::: Given material

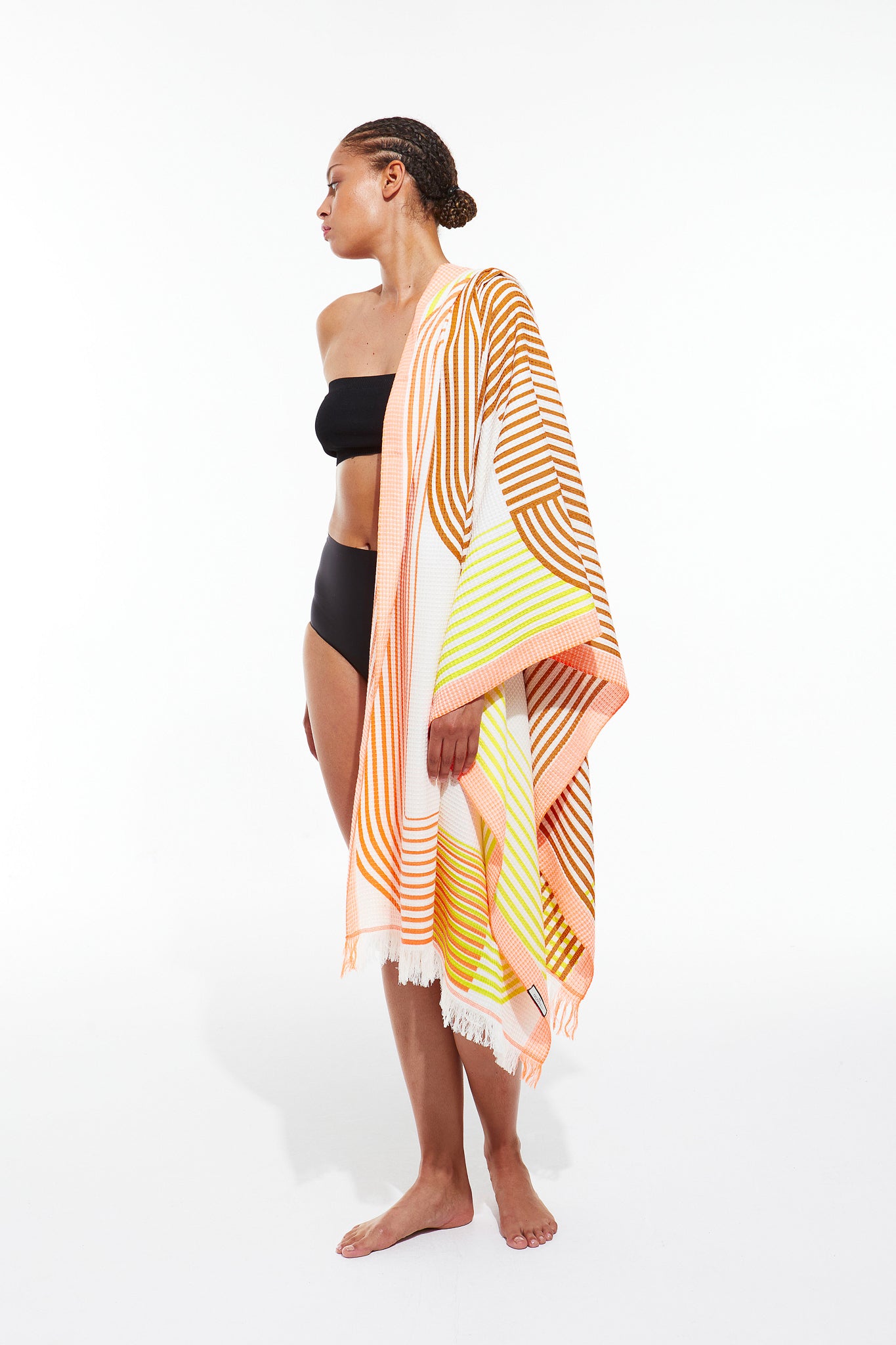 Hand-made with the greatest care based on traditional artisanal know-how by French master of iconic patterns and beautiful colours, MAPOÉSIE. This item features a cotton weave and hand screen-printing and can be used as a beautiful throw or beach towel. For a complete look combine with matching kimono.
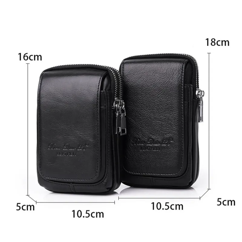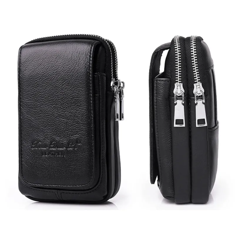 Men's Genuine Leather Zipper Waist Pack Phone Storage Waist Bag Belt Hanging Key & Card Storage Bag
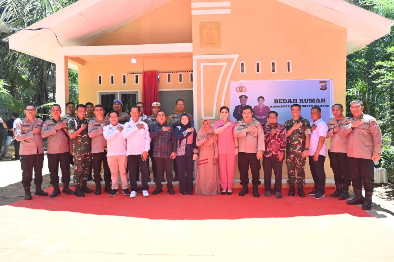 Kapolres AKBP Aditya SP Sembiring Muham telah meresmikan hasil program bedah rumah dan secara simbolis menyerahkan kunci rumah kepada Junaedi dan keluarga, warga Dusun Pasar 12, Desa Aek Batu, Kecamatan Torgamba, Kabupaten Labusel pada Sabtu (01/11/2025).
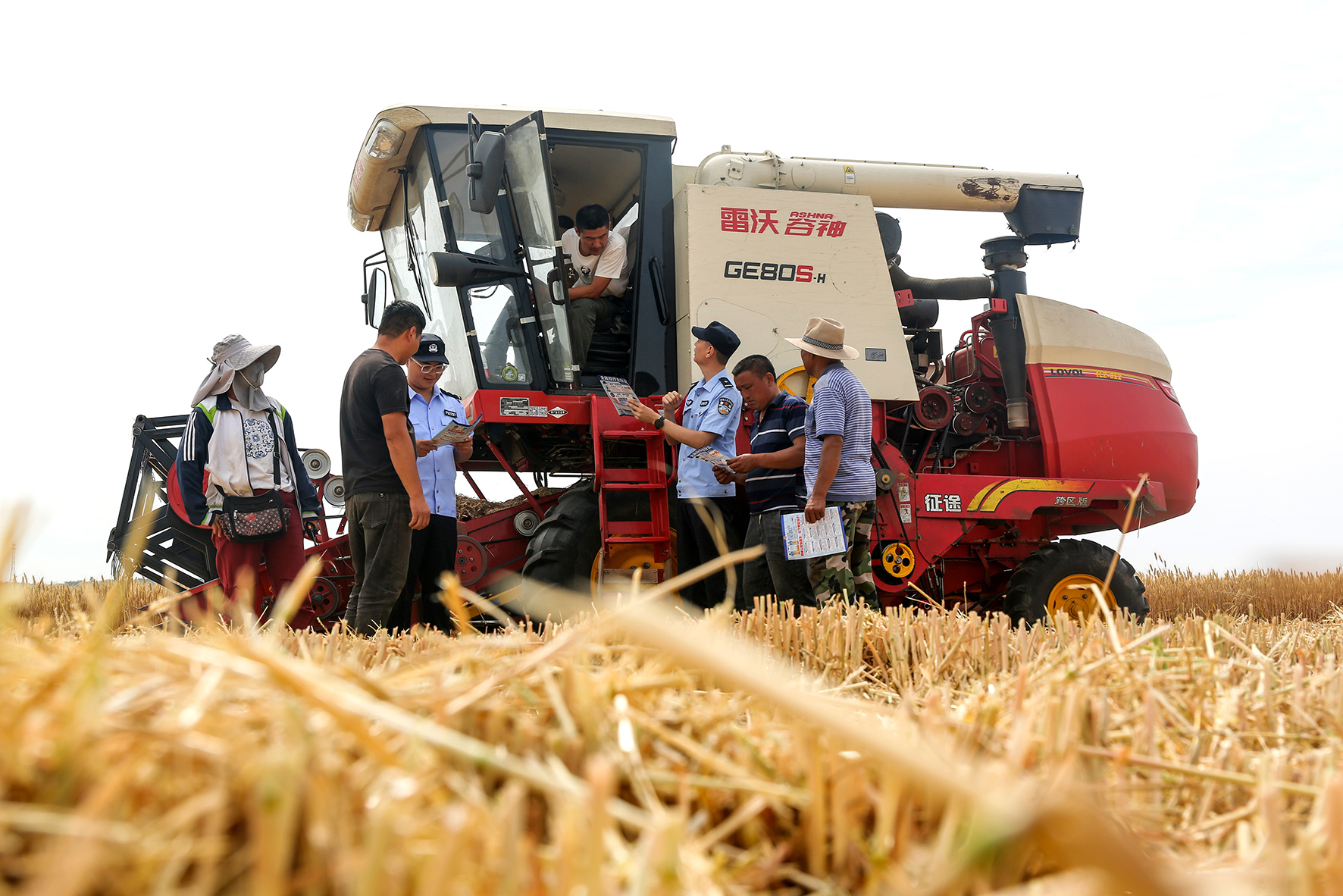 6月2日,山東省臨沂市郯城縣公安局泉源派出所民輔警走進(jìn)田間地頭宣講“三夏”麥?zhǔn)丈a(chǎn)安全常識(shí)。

::::::

• Your task: Nothing but the lines from the one with "Kapolres AKBP Aditya" through the last line of the material above should appear in the answer, each copied exactly, with no pictures.

• Exercise answer:
 Kapolres AKBP Aditya SP Sembiring Muham telah meresmikan hasil program bedah rumah dan secara simbolis menyerahkan kunci rumah kepada Junaedi dan keluarga, warga Dusun Pasar 12, Desa Aek Batu, Kecamatan Torgamba, Kabupaten Labusel pada Sabtu (01/11/2025).
 6月2日,山東省臨沂市郯城縣公安局泉源派出所民輔警走進(jìn)田間地頭宣講“三夏”麥?zhǔn)丈a(chǎn)安全常識(shí)。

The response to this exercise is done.